Yevhen Kushnaryov

Yevhen Petrovych Kushnaryov (Ukrainian: Євген Петрович Кушнарьов, Jevhen Petrovyč Kušnar'ov) (January 29, 1951 – January 17, 2007) was Ukrainian politician. Kushnaryov was considered one of the chief ideologues of the Party of Regions and a key ally of Prime Minister Viktor Yanukovych.

Yevhen Kushnaryov
Євген Кушнарьов
Member of the Verkhovna Rada
In office
25 May 2006  17 January 2007
Chairman of the Kharkiv Oblast Council
In office
26 November 2004  27 January 2005
Preceded byOleksiy Kolesnyk
Succeeded byOleh Shapovalov
3rd Governor of Kharkiv Oblast
In office
27 October 2000  17 December 2004
Preceded byOleh Dyomin
Succeeded byStepan Maselsky
Head of the Presidential Administration
In office
20 December 1996  23 November 1998
Preceded byDmytro Tabachnyk
Succeeded byMykola Biloblotskyi
1st Mayor of Kharkiv
In office
15 May 1990  April 1996
Succeeded byMykhaylo Pylypchuk
Member of the Verkhovna Rada
In office
15 May 1990  10 May 1994
Personal details
Born(1951-01-29)January 29, 1951
Kharkiv, Ukrainian SSR, Soviet Union
DiedJanuary 17, 2007(2007-01-17) (aged 55)
Izium, Ukraine

Early life

Yevhen Kushnaryov was born in Kharkiv to migrants from Russia in 1951.[1] He graduated from the Kharkiv Engineering-Construction Institute in 1973, and for several years thereafter worked at a local factory of concrete and steel manufacturing.[1]

Political career

Kushnaryov became a member of the Communist Party in 1981. In 1989, during the Glasnost era, he joined the pro-democracy movement in the Ukrainian SSR. In 1990 Kushnaryov was elected to both the Kharkiv city council and the Verkhovna Rada, where he took part in formulating the fledgling country's constitution, and in 1994 he became mayor of the city of Kharkiv.[1]

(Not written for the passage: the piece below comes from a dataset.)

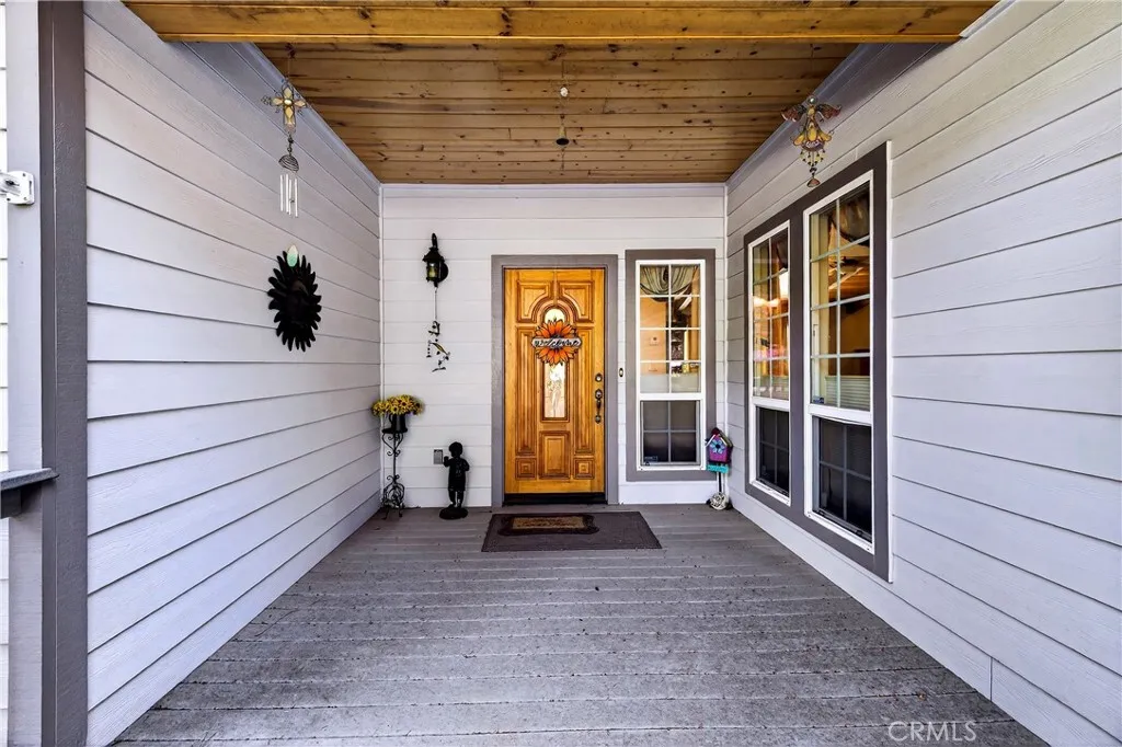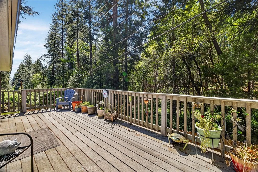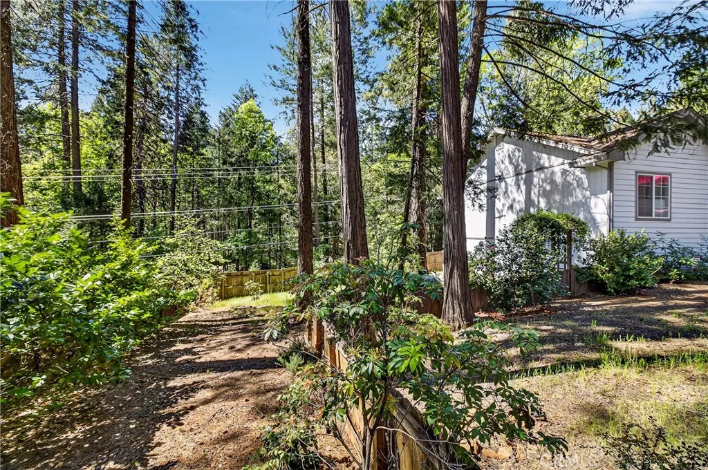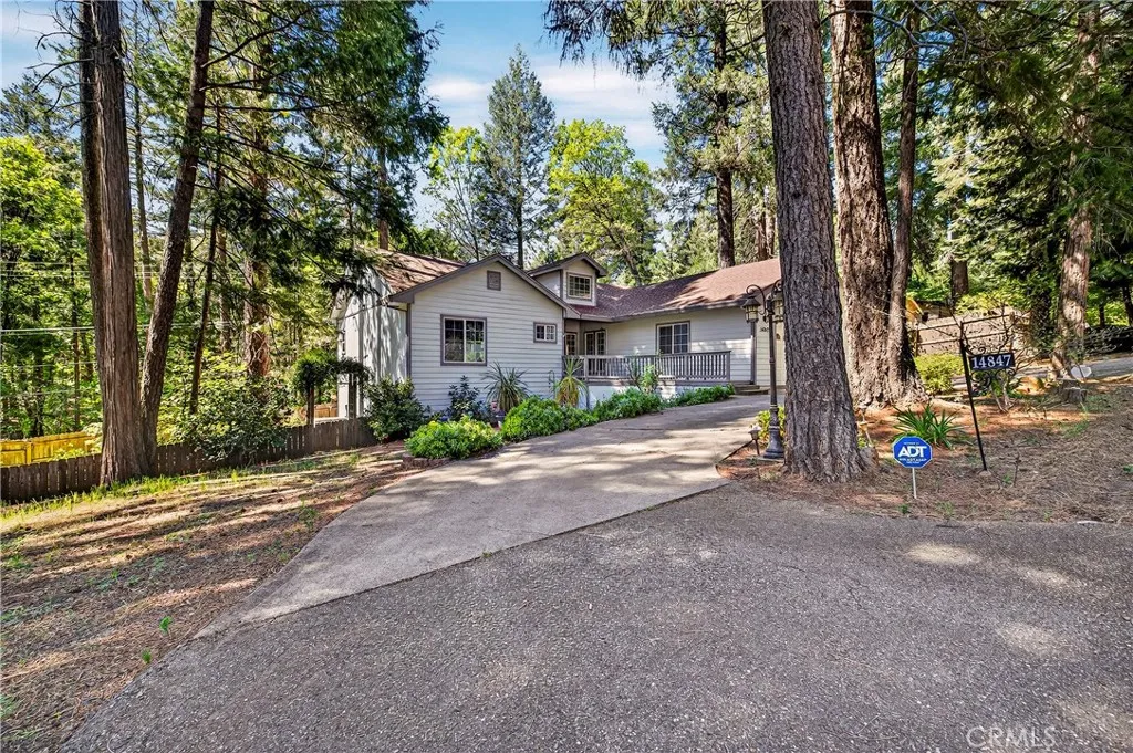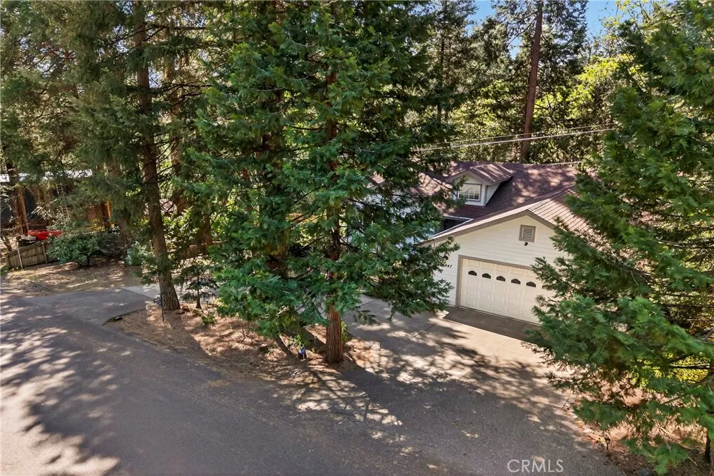 Nestled in the beautiful Magalia Pines is this One Owner Custom Built Home that is ready for a new owner. The owner had the plans drawn and completed the custom home in 2005. Wonderful curb appeal and a circle driveway welcomes you and your guests to the home. The home has an oversized 525 square foot 2-car garage. The composite front deck leads to a 9-foot covered front porch measuring 10X10 and accented with a knotty pine tongue and groove ceiling. The custom wood front door has a glass inlay. Upon entry you notice the open floor plan and the amazing 12-foot vaulted wood beam knotty pine ceiling and 9ft. ceilings throughout. The spacious living room has a custom gas fireplace with tile surround and beautiful wood mantle finishes the space. The large slider and windows open the views of the forest and the ever-changing forest views. The over 200 square foot deck is a fantastic place to entertain. The spacious kitchen has a 10-foot breakfast bar, travertine tiles counters, free standing propane oven/range, dishwasher, built in microwave, garden window and upgraded pull out drawers in the cabinets all overlooking the living room and dining room. Off the kitchen is a large laundry room with utility sink and large built in storage cabinets. Down the over 4-foot-wide hallway are two large built-in cabinets and the bedrooms and baths. The fantastic primary bedroom has great views of the forest through an 8-foot-wide picture window, and the primary bath offers 2 sink vanity with travertine tile counters, fully tiled shower with sliding glass doors and a huge walk-in closet. The g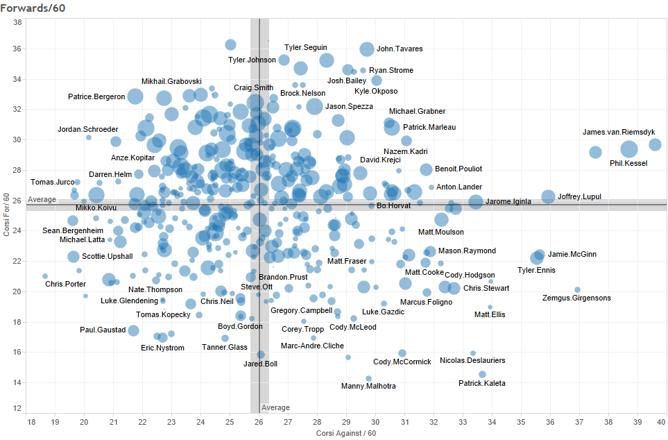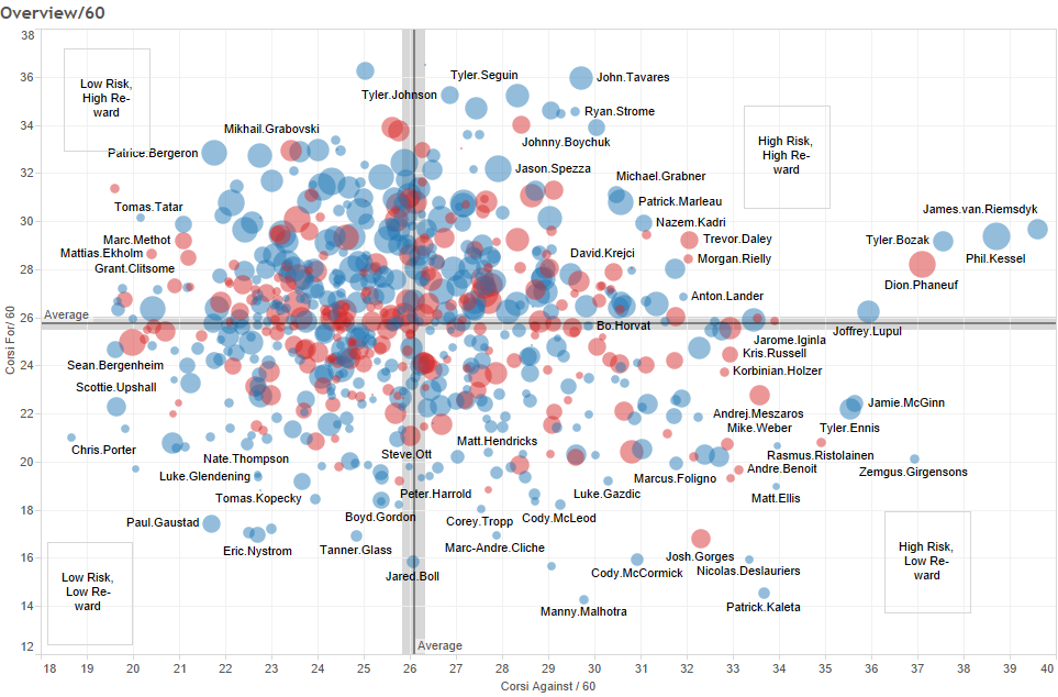 One of the other facets of these graphs is the annual contract value of the player, illustrated by the size of the player bubble. It is quite interesting that most of the highest payed players exhibit positive corsi scores. There are exceptions, notably teammates Phaneuf and Kessel, who are making 7 Million and 8 Million respectively, yet whose Corsi differentials were both over -200. On the other end of the spectrum, Leddy, Jones and Ekblad made collectively less than 5 million, and posted admirably high Corsi scores.

Afterwards, Kushnaryov served as Leonid Kuchma's chief of staff from 1996 to 1998, and as governor of the Kharkiv Oblast from 2000 to 2004.

During the election crisis of 2004, Kushnaryov agitated for the creation of an independent southeastern Ukrainian state in the case of Viktor Yushchenko's victory. This caused him to be arrested on charges of separatism, that were eventually dropped. Following the Orange Revolution, Kushnaryov joined Viktor Yanukovych's Party of Regions and in 2006 he was elected to the Verkhovna Rada on the Party of Regions ticket.

Kushnaryov quickly became one of the leaders of the party along with Yanukovych and Rinat Akhmetov. Considered by many to be among the party's main ideologues, Kushnaryov could be frequently seen on television debating public policy.[2] In 2005 he published a book (Red Horse: Notes of a Counterrevolutionary) denouncing the Orange Revolution.[3]

Death and remembrance

On January 15, 2007, Kushnaryov was accidentally shot in the liver while hunting with a group of friends and colleagues, and died two days later in a hospital in Izium. A two-day period of mourning was declared in Kharkiv over the death of the former governor.[4][5] Yevhen Kushnaryov was survived by his wife, two children, and two grandchildren.[1]

In October 2008 a monument to honour Kushnaryov was unveiled in Kharkiv.[6] The Yevgeny Kushnaryov Foundation for Democracy Initiatives Support was founded in October 2007. The goal of the organisation is "to pursue with the ideas that mattered to him".[7]

Honors and Distinctions

Trivia

  • Although his Ukrainian name was Yevhen (Євген), Kushnaryov personally preferred to use the Russified form Yevheniy (Євгеній) when writing in Ukrainian.[8]